Awards

Chester B. Himes Memorial Prize for Fiction for The Story Itself.


North Street Book Prize for best work of nonfiction by an Independent author for Waking the Bones.

Nominee Lenore Marshall Prize, nominee Patterson Poetry Book Prize, for My Life as a Doll.

Named the Literary Arts Fellow in the State of Maine for My Life as a Doll.

Honorable Mention for “We Climb Mountains,” New Millennium Press.

Reader’s Award for “Walking the Wife,” New Letters.


Honorable mention for “The Collector’s Favorite Doll.”


Finalist Award, Massachusetts Cultural Council.

Finalist Award, Grolier Poetry Prize.
Individual Artist Grant, The New Hampshire State Arts Council.

Reviews

Elizabeth Kirschner’s “Twenty Colors” is a first book quite remarkable for its consistency and maturity of voice.
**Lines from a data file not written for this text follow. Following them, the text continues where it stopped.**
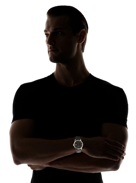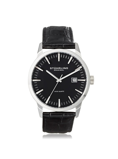 这款斯图灵Stuhrling Original经典男士手表,内置优质瑞士石英机芯,保证了时间的精确,外观采用黑色真皮表带搭配银色不锈钢表壳,经典优雅,气质非凡,防刮耐磨矿物玻璃表镜下为黑色表盘,表盘上镶有银色全时刻度,精确到秒,3点钟方向为日历显示窗,银色时分秒指针,表盘直径32mm,防水深度50m。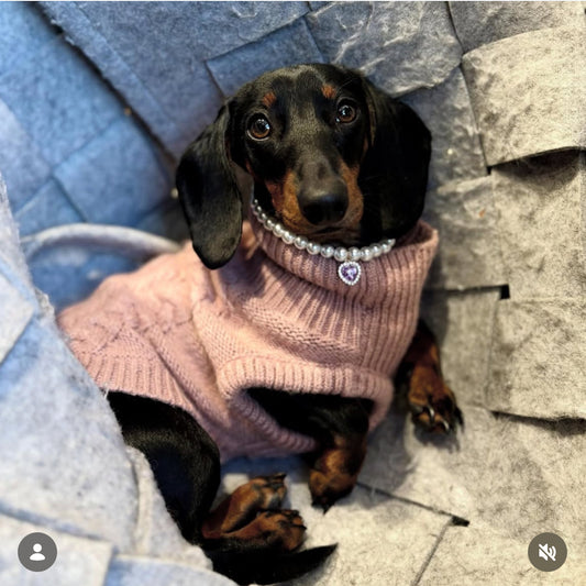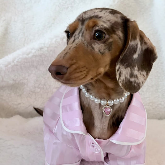 Royal Pearl Pet Necklace – Blush Pink Heart Pendant | Chic Jewelry for Stylish Pets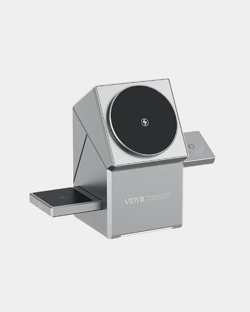 Estacion de carga 3 en 1 Vidvie WLC1416, perfecto para cargar tu iPhone, Apple Watch y AirPods al mismo tiempo. Diseño magnético, carga rápida de 15W y cuerpo compacto ideal para escritorio o mesa de noche.

The beautiful contradictions are conveyed with much poise, confidence, and courage as the poet maintains a stance that is once tough and tender, mediating between a gentle embracing of disappointment and mistrust toward any promise of paradise.

-Nance Van Winckel, Shenandoah

“In her debut collection, “Twenty Colors,” Elizabeth Kirschner offers a splendid chronicle of exiles and reprieves, a chronicle in which vision operates at the extremes of materiality, upon the flesh of everything.
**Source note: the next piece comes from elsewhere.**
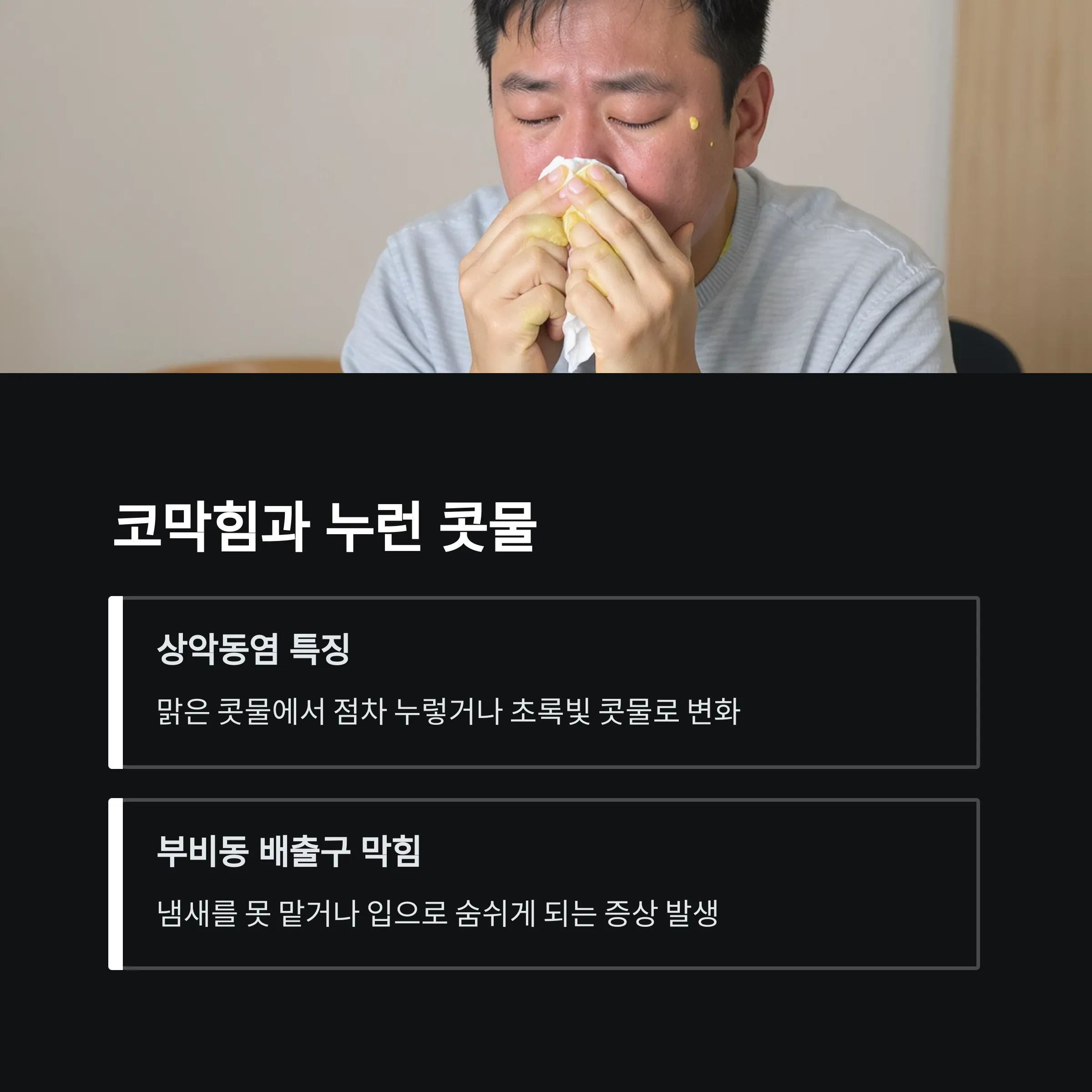 상악동염 증상에서는 콧물이 점차 누렇거나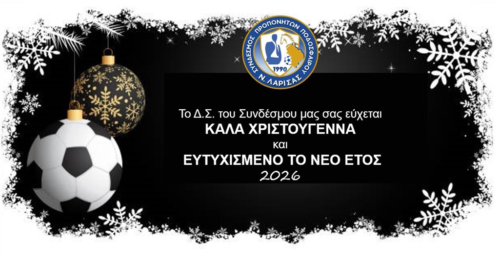 Ο Σύνδεσμος Προπονητών Ποδοσφαίρου Ν. Λάρισας σας εύχεται Καλά Χριστούγεννα και ευτυχισμένος ο νέος χρόνος.

-Donald Revel, Denver Quarterly

What fascinates about “Slow Risen Among the Smoke Trees is its overt delineation, through the medium of lyric poetry, of a distinct, linear narration. What makes this book a success is how Kirschner tells Lily’s story; the poems are powerful; and moving, with the plot not so much narrated as evoked. The real treasure is the wonderful last section, where Lily must come to terms with both her past and her present…all the poems work to create a Lilly who becomes real in our eyes and then transcends that reality, becoming, in the victory of her past, a moving symbol of human possibility in the face of any odds.
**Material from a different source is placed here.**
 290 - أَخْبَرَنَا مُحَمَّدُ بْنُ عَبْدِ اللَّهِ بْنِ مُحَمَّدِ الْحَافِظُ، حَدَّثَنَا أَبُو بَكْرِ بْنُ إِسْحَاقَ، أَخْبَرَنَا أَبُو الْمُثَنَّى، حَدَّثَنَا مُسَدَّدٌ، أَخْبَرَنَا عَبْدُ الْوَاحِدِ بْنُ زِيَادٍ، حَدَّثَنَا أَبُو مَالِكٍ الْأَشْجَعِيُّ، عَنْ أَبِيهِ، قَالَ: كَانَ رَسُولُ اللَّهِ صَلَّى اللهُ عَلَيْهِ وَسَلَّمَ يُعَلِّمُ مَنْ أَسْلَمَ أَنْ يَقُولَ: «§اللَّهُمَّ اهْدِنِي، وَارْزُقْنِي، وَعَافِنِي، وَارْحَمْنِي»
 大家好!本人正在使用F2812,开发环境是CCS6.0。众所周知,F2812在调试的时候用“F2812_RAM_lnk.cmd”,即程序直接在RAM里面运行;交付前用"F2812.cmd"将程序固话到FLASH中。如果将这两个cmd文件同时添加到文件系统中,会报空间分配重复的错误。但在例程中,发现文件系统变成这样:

-Bern Mulvey, The Missouri Review

Praise for “My Life as a Doll.”

These poems are dark, iridescent beads strung along a narrative of embattled childhood that supports but never overrides the lyrical force of Kirschner’s voice and vision. The narrative begins with a mother’s violence and follows it effects upon the daughter’s inner landscape—the visions, the bouts of madness, the circling smoke of memory—as she grows older. It’s the landscape that generates the force behind these poems, rendered as is with stunning imagery at every turn and with urgent rhythms that push toward a kind of exorcism. These poems confront hard things head-on, but far from being sensationalistic or depressing, they are lush, fierce, and lovely.

-Leslie Ulmann

The bleak ferocity of Kirschner’s lines often to comes nigh to overwhelming this narrative of an abused childhood but the strength of imagery, a richness for which this poet is known, seizes the nightmares and transforms them into events that can be handled, shaped and put aside. No, not a happy ending but one that locates dignity and the forever force of life.